§ YOUR OBJECTIVE: No pictures belong in the copy. Set down exactly the lines from the one that contains "目前,除了3 个月和10年期" through the end of the data.

§ DATA:
↓↓↓

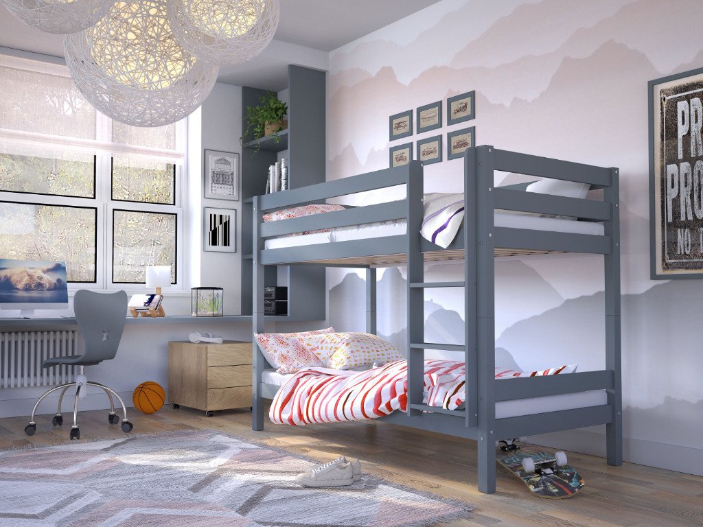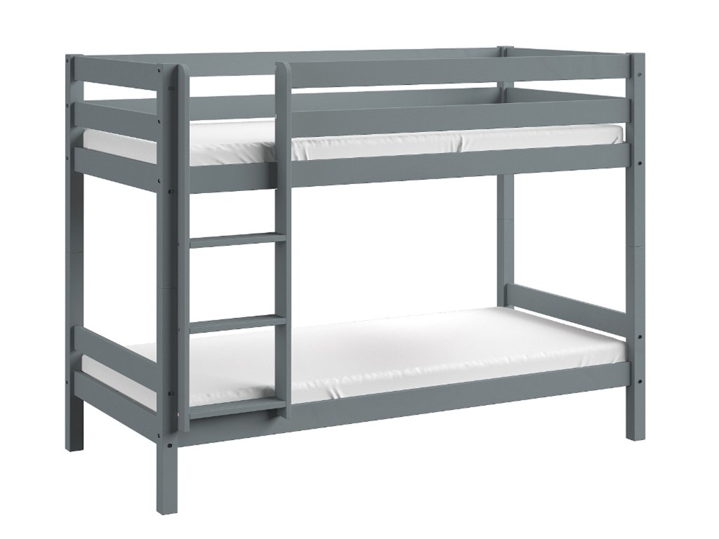 OLAF szürke emeletes ágy 90 x 190 cm, amely tömör borovi fenyőből készül. Az ágy szürke lakkal van lakkozva, amely megfelel minden erre vonatkozó biztonsági normának és előírásnak, így gyerekek számára is biztonságos. A felhasznált anyagoknak köszönhetően az emeletes ágy magas minőségű és stabil szerkezettel rendelkezik. Az ágy élei le vannak kerekítve, hogy biztonságban tudhassa gyermekét. A modern designnak köszönhetően az ágy lányos és fiús gyerekszobába is megfelelő választás. Az ágy univerzális, a létra kétoldalas, jobbosan és balosan is össze lehet szerelni. Az ágy szükség esetén szétszedhető két különálló fekhelyre. Az emeletes ágy léces ágyráccsal együtt kapható.
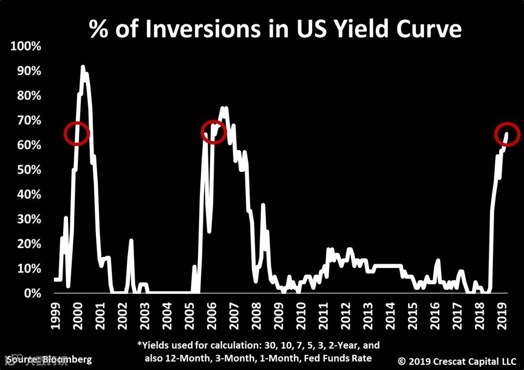 目前,除了3 个月和10年期国债收益率出现倒挂之外,有65%的国债收益率曲线,也已经出现了倒挂情况。这种局面都曾经出现在2006年和1999年的两场世界级的经济危机当中。
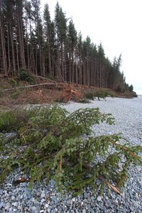 It appears that this storm was the most erosive in about 5 years. Google images from 5 years earlier show a several meter wide band of trees separates the beach from a river (59.705140, -140.490520) which was intact before the storm, but was breached by the storm.
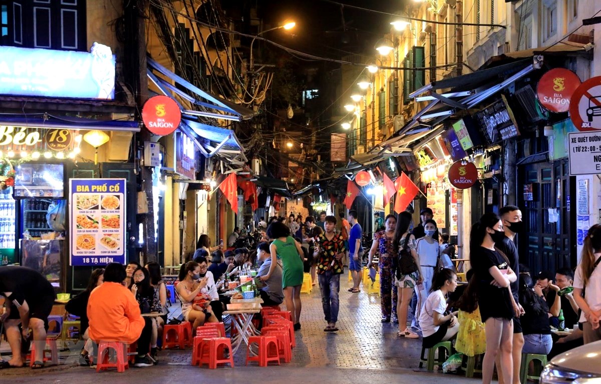 Phố Tạ Hiện, một trong những địa điểm vui chơi về đêm thu hút lượng lớn người dân và khách du lịch ở Hà Nội Ảnh: V.N.P

↑↑↑

§ EXERCISE RESPONSE:
 目前,除了3 个月和10年期国债收益率出现倒挂之外,有65%的国债收益率曲线,也已经出现了倒挂情况。这种局面都曾经出现在2006年和1999年的两场世界级的经济危机当中。
 It appears that this storm was the most erosive in about 5 years. Google images from 5 years earlier show a several meter wide band of trees separates the beach from a river (59.705140, -140.490520) which was intact before the storm, but was breached by the storm.
 Phố Tạ Hiện, một trong những địa điểm vui chơi về đêm thu hút lượng lớn người dân và khách du lịch ở Hà Nội Ảnh: V.N.P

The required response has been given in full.